Frameworks like OAuth make this a default, but otherwise every request to the API should be authenticated i.e. the authorisation credentials (username/password, api key, auth token) should be passed in each request to the web service.



A strict form of access control is to whitelist certain users, for example by:

  • IP address / netmask
  • Account ID
  • Device number
  • Mac address

This can be a very granular authorisation level e.g. only allow user with IP address and device ID to delete accounts.


Short Sessions & Token Expiry

User sessions/auth tokens should have a short time to live to ensure that they expire often. This reduces the time window in which a token can be exploited by attackers.
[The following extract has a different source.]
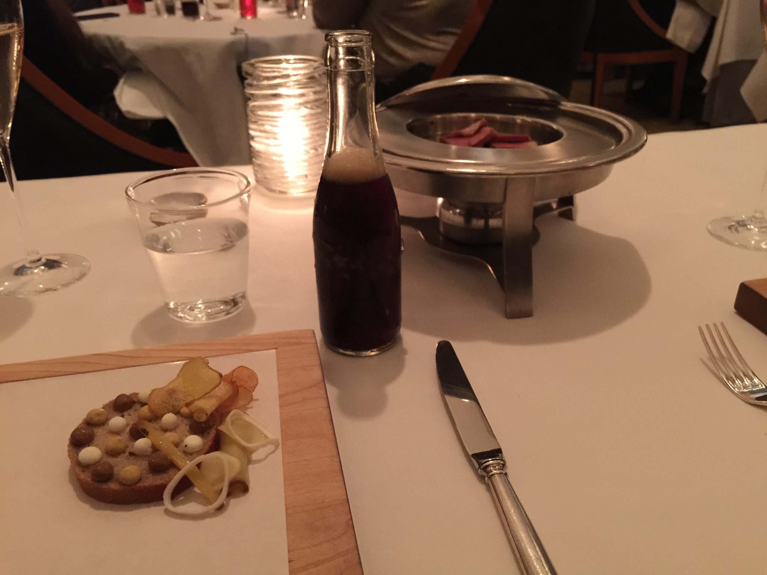 Then we moved into a number of cold entree styled courses. A salad, some seafood and a wonderful homage to the NYC delicatessen. The pastrami sandwich, so often seem as a massive sandwich with layers of pastrami and mustard on a fresh bread roll. This version was a petite piece of bread dotted with mustard and garlic and two exquisite pieces of pastrami in a heated pan. Added to this dish was a freshly made bottle of soda in an old style bottle matched to our originl choice. Mine was maple juice and Mardi’s cranberry flavoured. Yum.

The web service / auth. service should verify and enforce session expiry.

Auth. frameworks like OAuth have this approach built in, but the configured expiry time should still be considered carefully on a case-by-case basis.


Protect HTTP Methods

Scope API usage to specific operations or methods on specific resources. Restrict based on the following factors:

  1. API / session key
  2. Resource collection
  3. Action / method
  4. Record


  1. Bob’s session
  2. User preferences (not user)
  3. DELETE (not POST or PUT)
  4. Only records 1 to 5, which represent a fixed set of customisable preferences


Protect Privileged Actions

Not all resources are accessible by every user e.g. administration functions. It is important to ensure these are identified, categorised and protected from unauthorised use e.g.



Remove Unnecessary Methods

Avoid creating HTTP methods that are not required or will never be used.

Some frameworks auto-generate all HTTP methods for a resource e.g. GET, POST, PUT, DELETE etc. It is important to disable or remove methods that are not needed to avoid exposing a point of attack.


Mutually Assured Certificates

This approaches ensure only clients with a certificate can access the web service. A certificate can be securely distributed to a restricted set of clients to enforce limited access to trusted organisations or users.

This greatly restricts the scope of authorisation, but is exposed if the certificate is ever made public e.g. through insecure distribution, human error.

It is particularly useful for strict or highly privileged access scenarios.


Injection Attack Prevention

It is important to protect against injection attacks where an attacker can supply data to an API which has unintended and malicious consequences.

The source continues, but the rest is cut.